Work task
Word for word, set down the lines from the one that contains "DISTORI.ID – Dalam" through the final line of the data; no pictures belong in the copy.
------ Available data
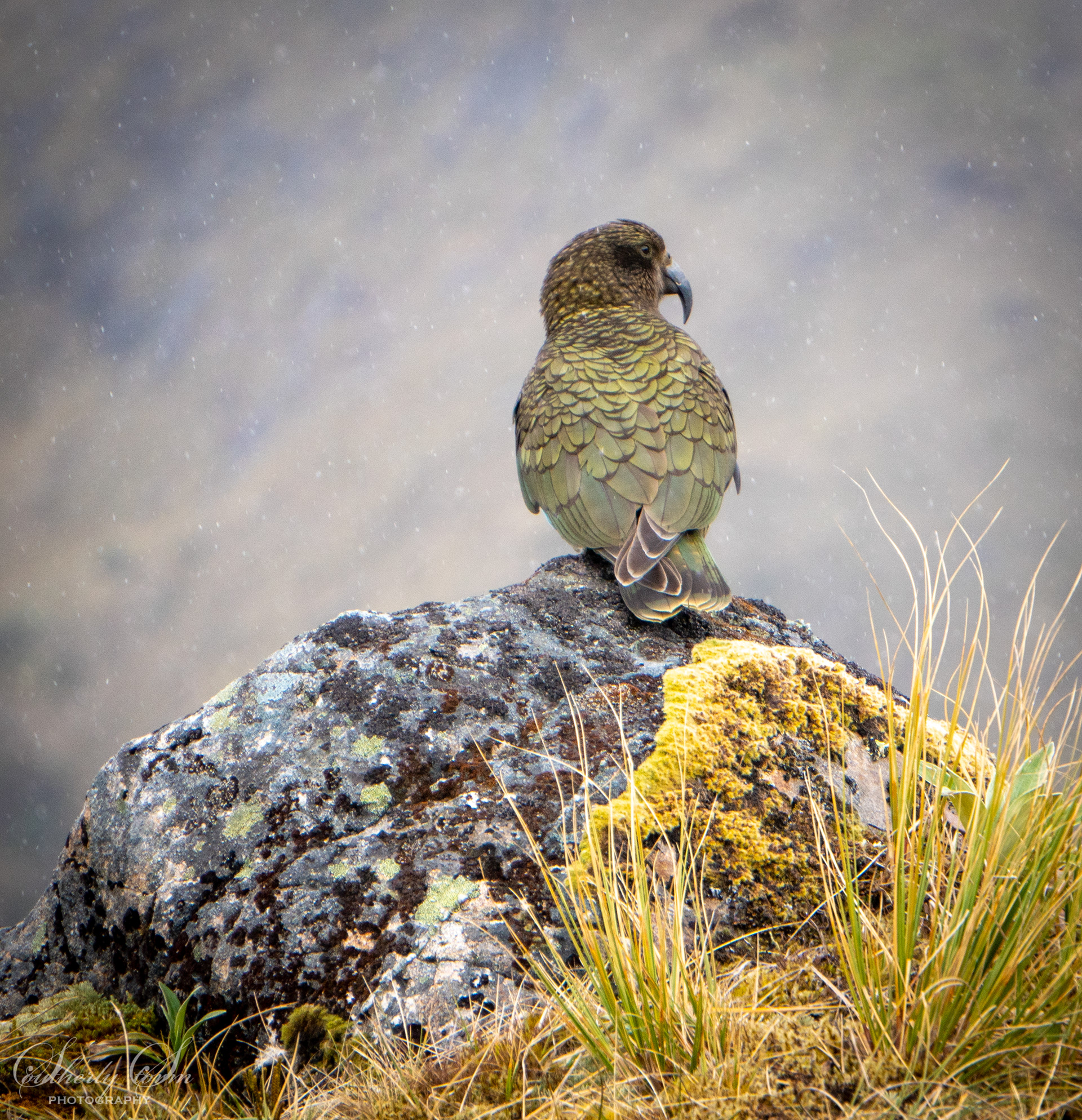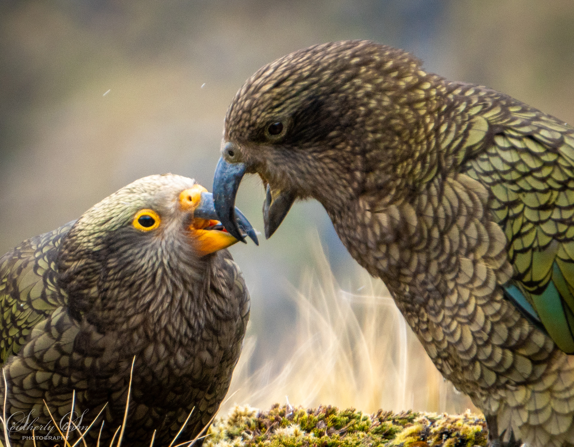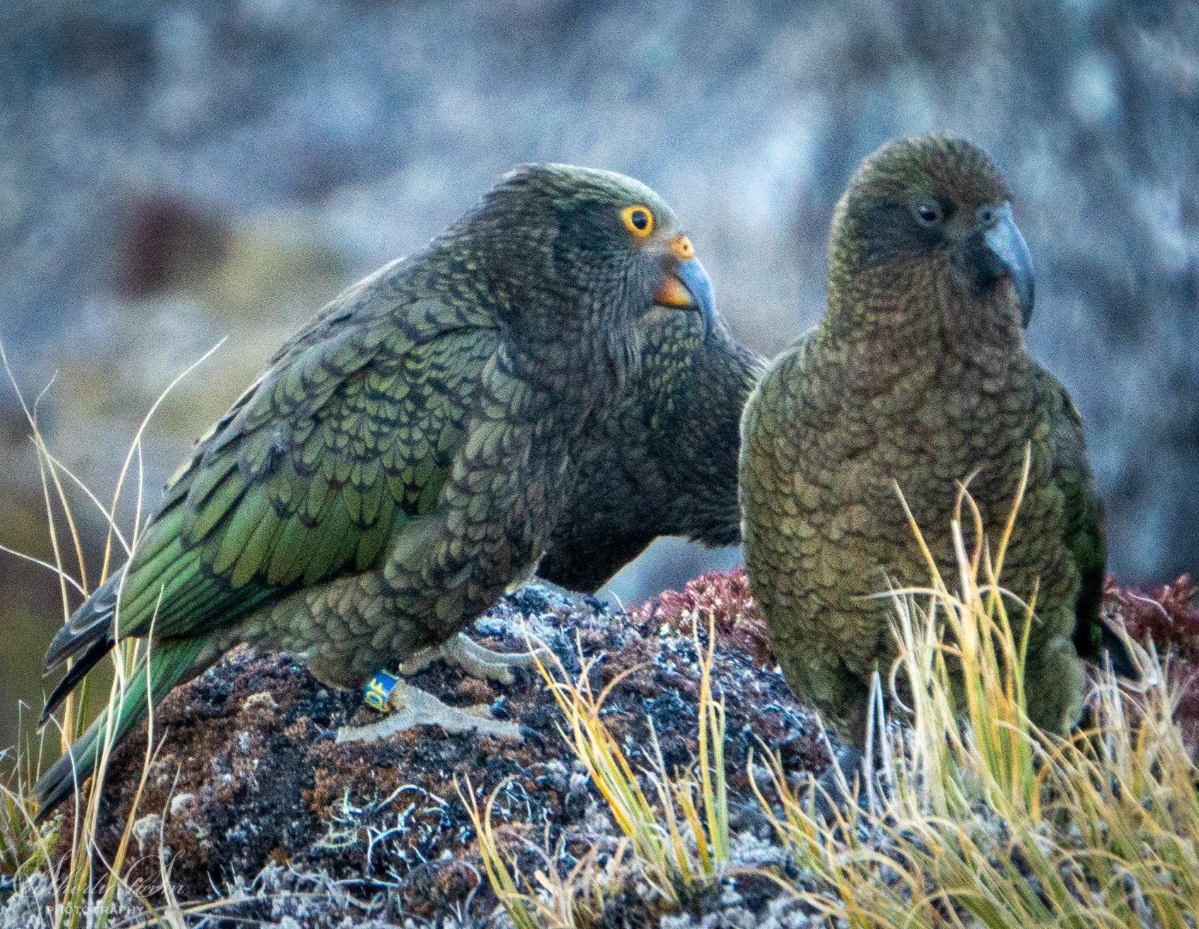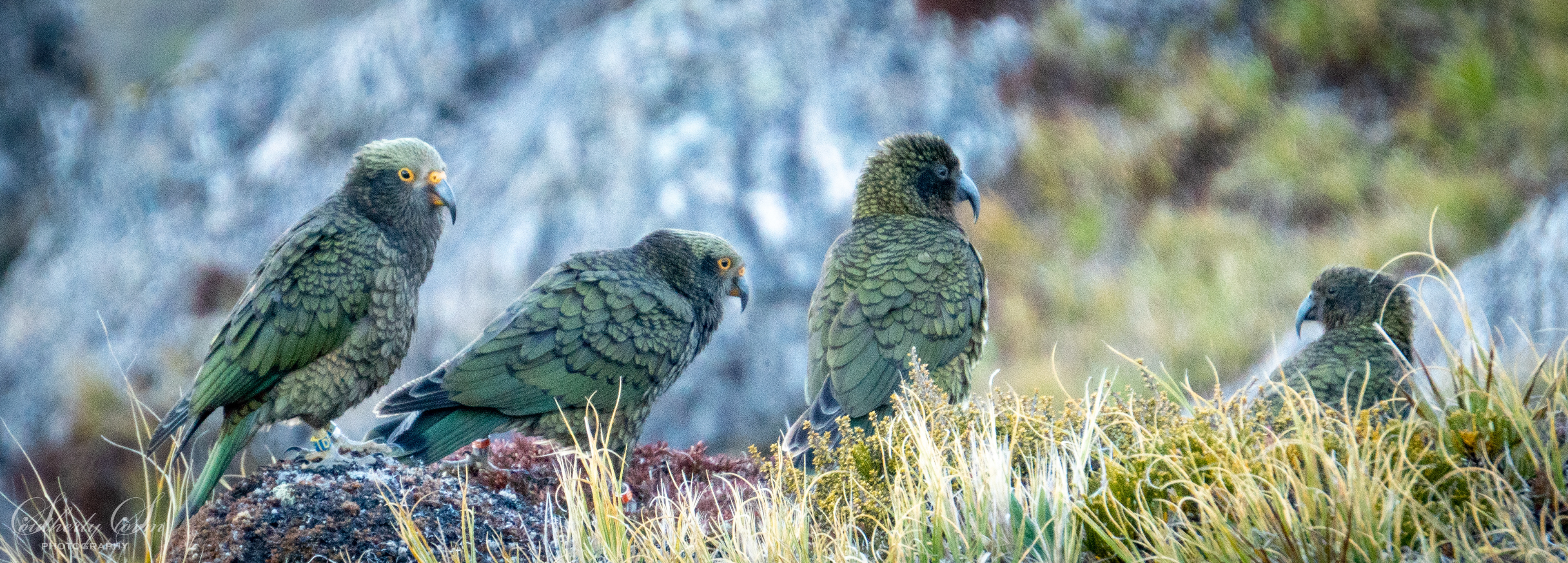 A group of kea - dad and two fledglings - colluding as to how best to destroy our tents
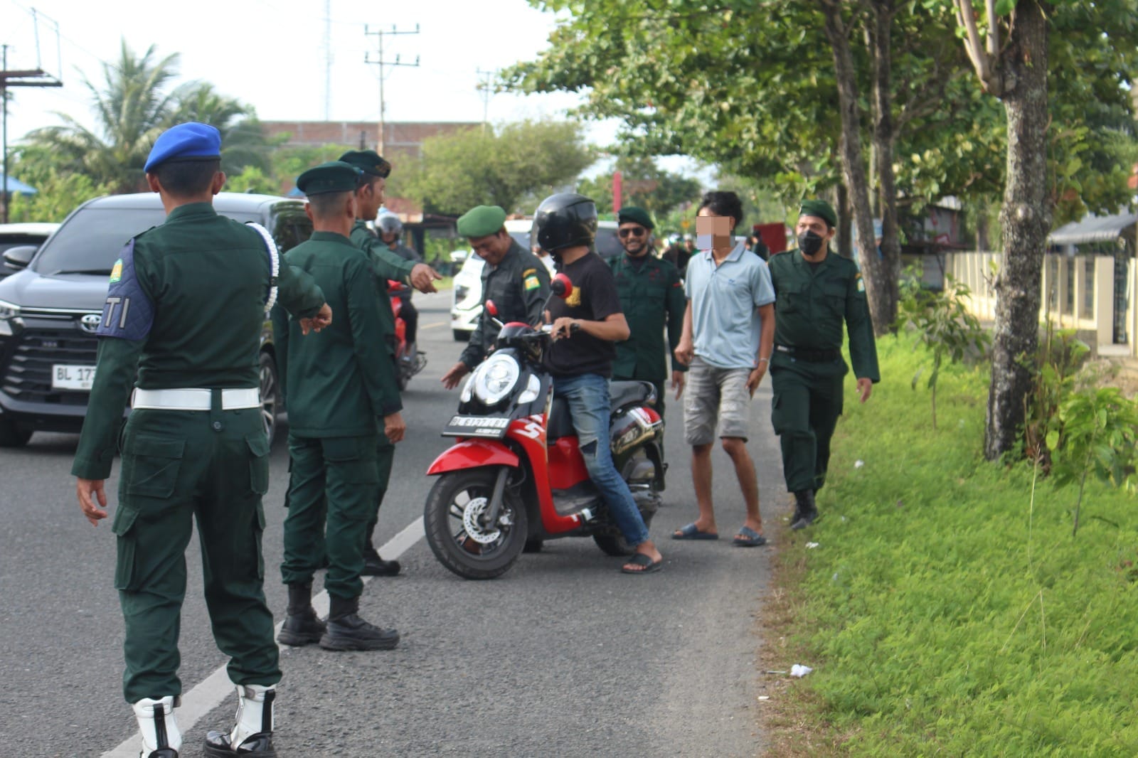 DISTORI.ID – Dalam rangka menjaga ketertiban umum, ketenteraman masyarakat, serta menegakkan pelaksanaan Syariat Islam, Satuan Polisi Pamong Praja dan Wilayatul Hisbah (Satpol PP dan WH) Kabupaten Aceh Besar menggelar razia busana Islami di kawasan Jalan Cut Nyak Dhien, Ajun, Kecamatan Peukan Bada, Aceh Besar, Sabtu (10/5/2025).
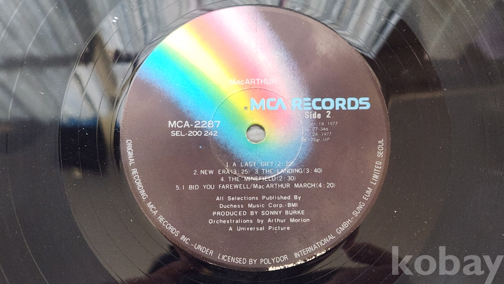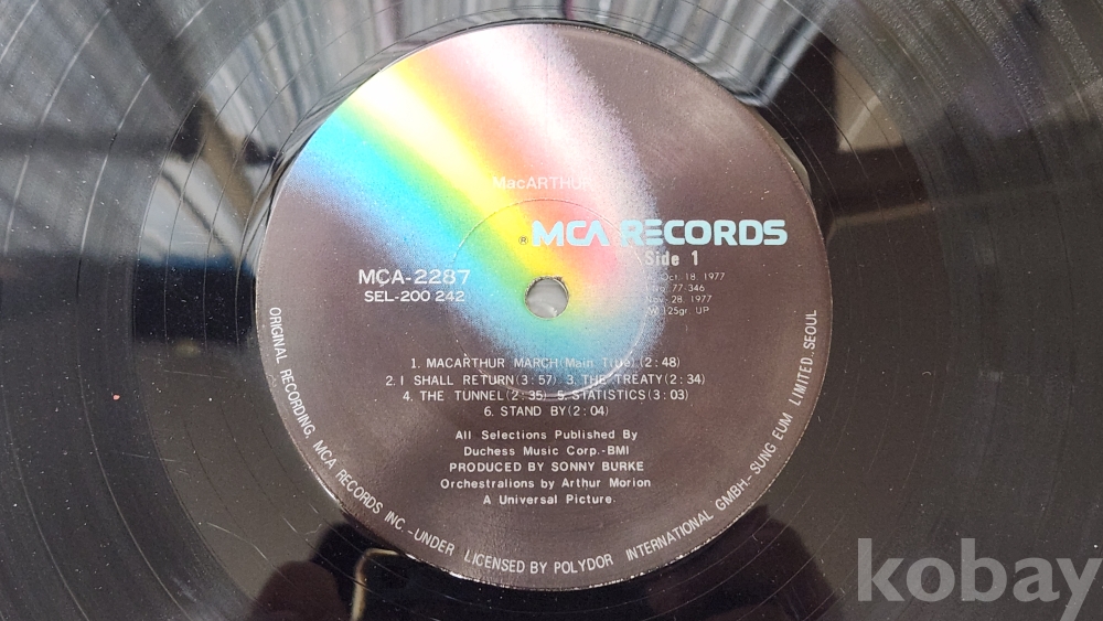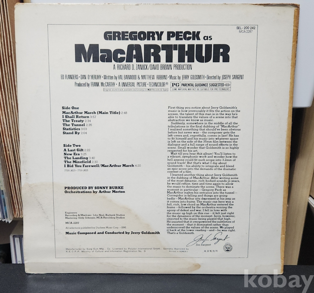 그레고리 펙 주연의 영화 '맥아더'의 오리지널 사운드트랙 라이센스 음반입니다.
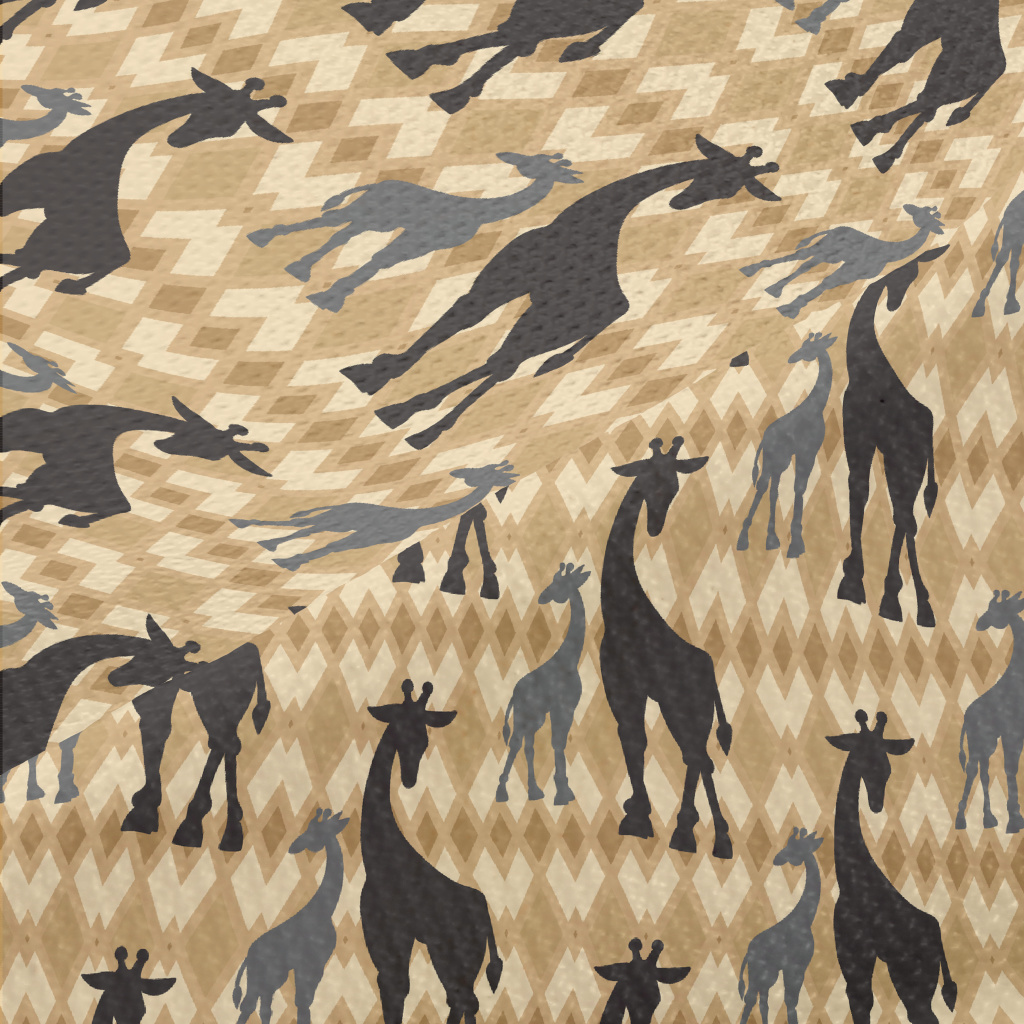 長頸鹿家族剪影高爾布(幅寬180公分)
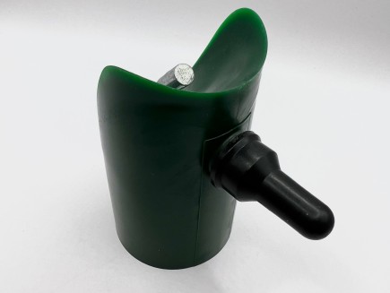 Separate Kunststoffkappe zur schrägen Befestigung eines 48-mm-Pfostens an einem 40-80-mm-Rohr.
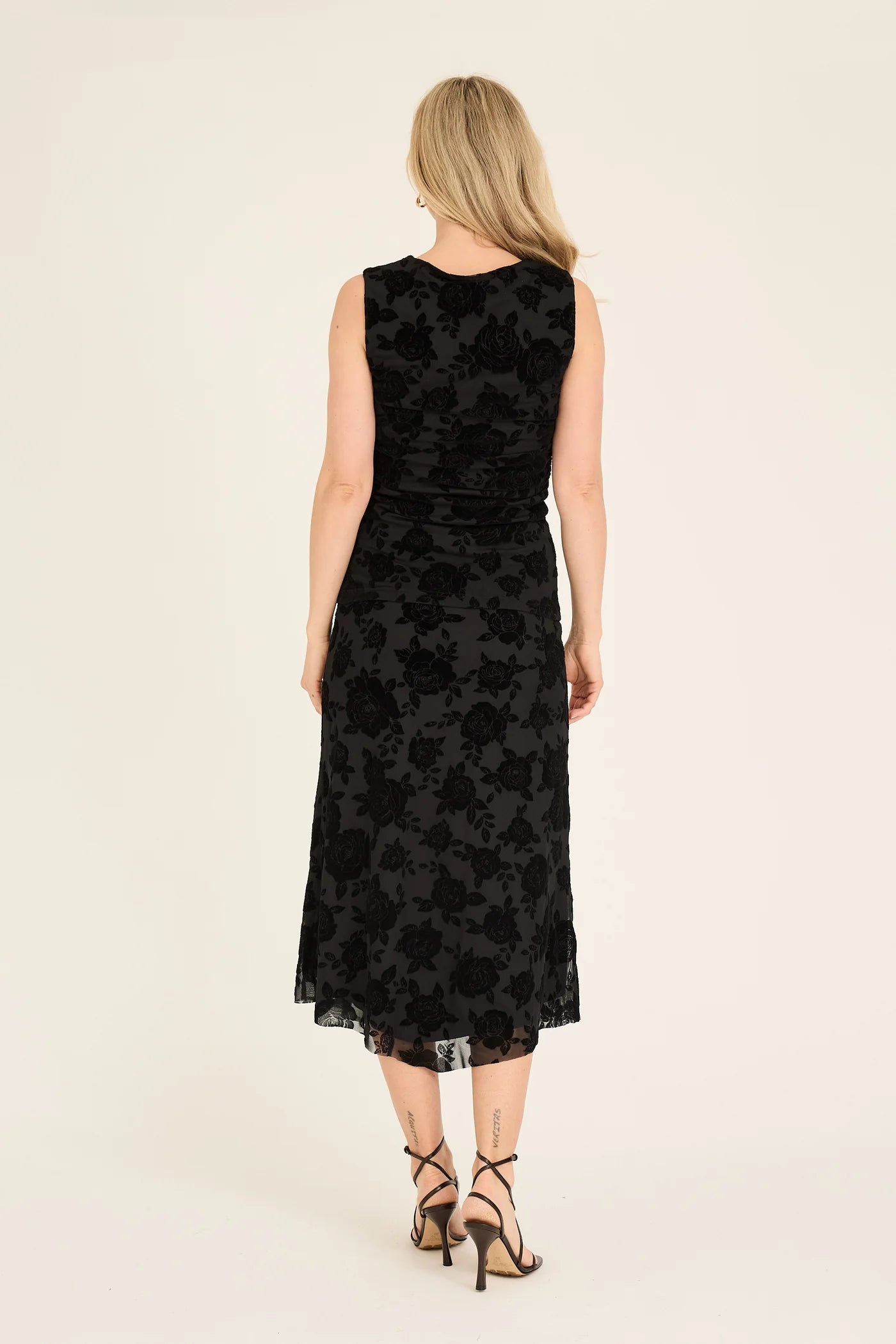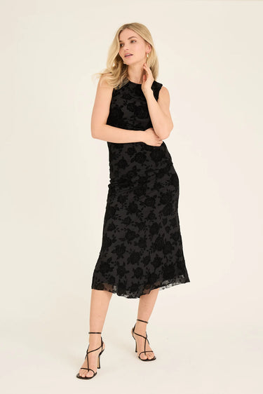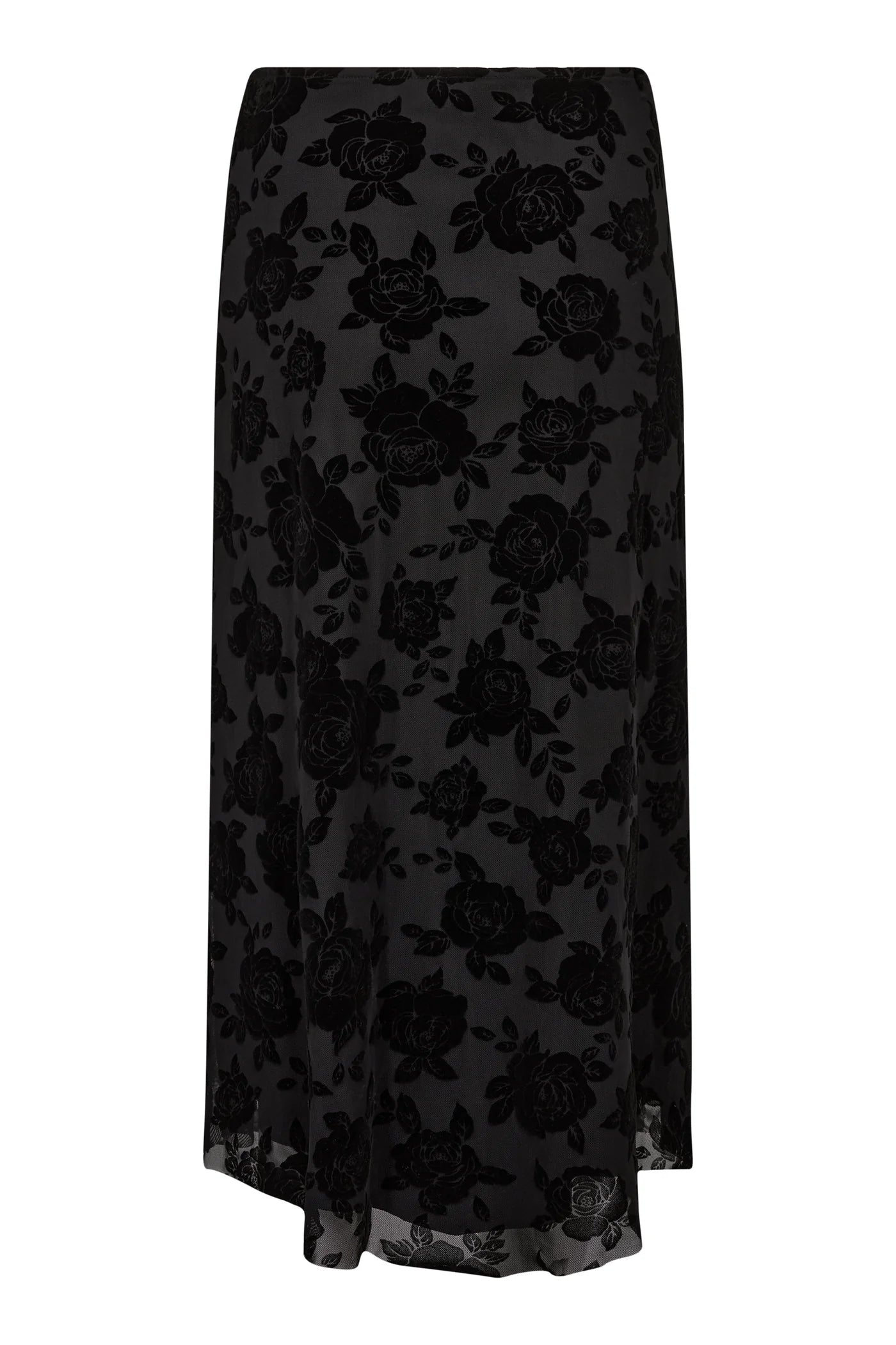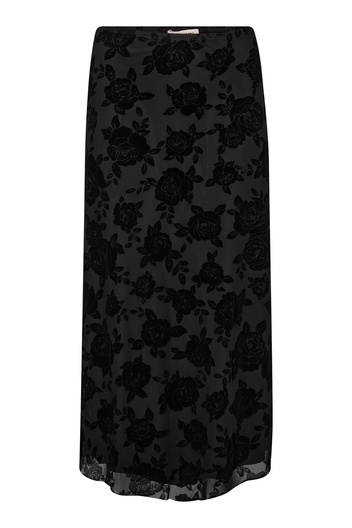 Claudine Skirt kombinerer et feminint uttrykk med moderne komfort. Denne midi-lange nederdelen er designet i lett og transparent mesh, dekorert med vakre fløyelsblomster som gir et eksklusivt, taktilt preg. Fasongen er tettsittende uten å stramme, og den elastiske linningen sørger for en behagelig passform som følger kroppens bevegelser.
------------
Written response
 DISTORI.ID – Dalam rangka menjaga ketertiban umum, ketenteraman masyarakat, serta menegakkan pelaksanaan Syariat Islam, Satuan Polisi Pamong Praja dan Wilayatul Hisbah (Satpol PP dan WH) Kabupaten Aceh Besar menggelar razia busana Islami di kawasan Jalan Cut Nyak Dhien, Ajun, Kecamatan Peukan Bada, Aceh Besar, Sabtu (10/5/2025).
 그레고리 펙 주연의 영화 '맥아더'의 오리지널 사운드트랙 라이센스 음반입니다.
 長頸鹿家族剪影高爾布(幅寬180公分)
 Separate Kunststoffkappe zur schrägen Befestigung eines 48-mm-Pfostens an einem 40-80-mm-Rohr.
 Claudine Skirt kombinerer et feminint uttrykk med moderne komfort. Denne midi-lange nederdelen er designet i lett og transparent mesh, dekorert med vakre fløyelsblomster som gir et eksklusivt, taktilt preg. Fasongen er tettsittende uten å stramme, og den elastiske linningen sørger for en behagelig passform som følger kroppens bevegelser.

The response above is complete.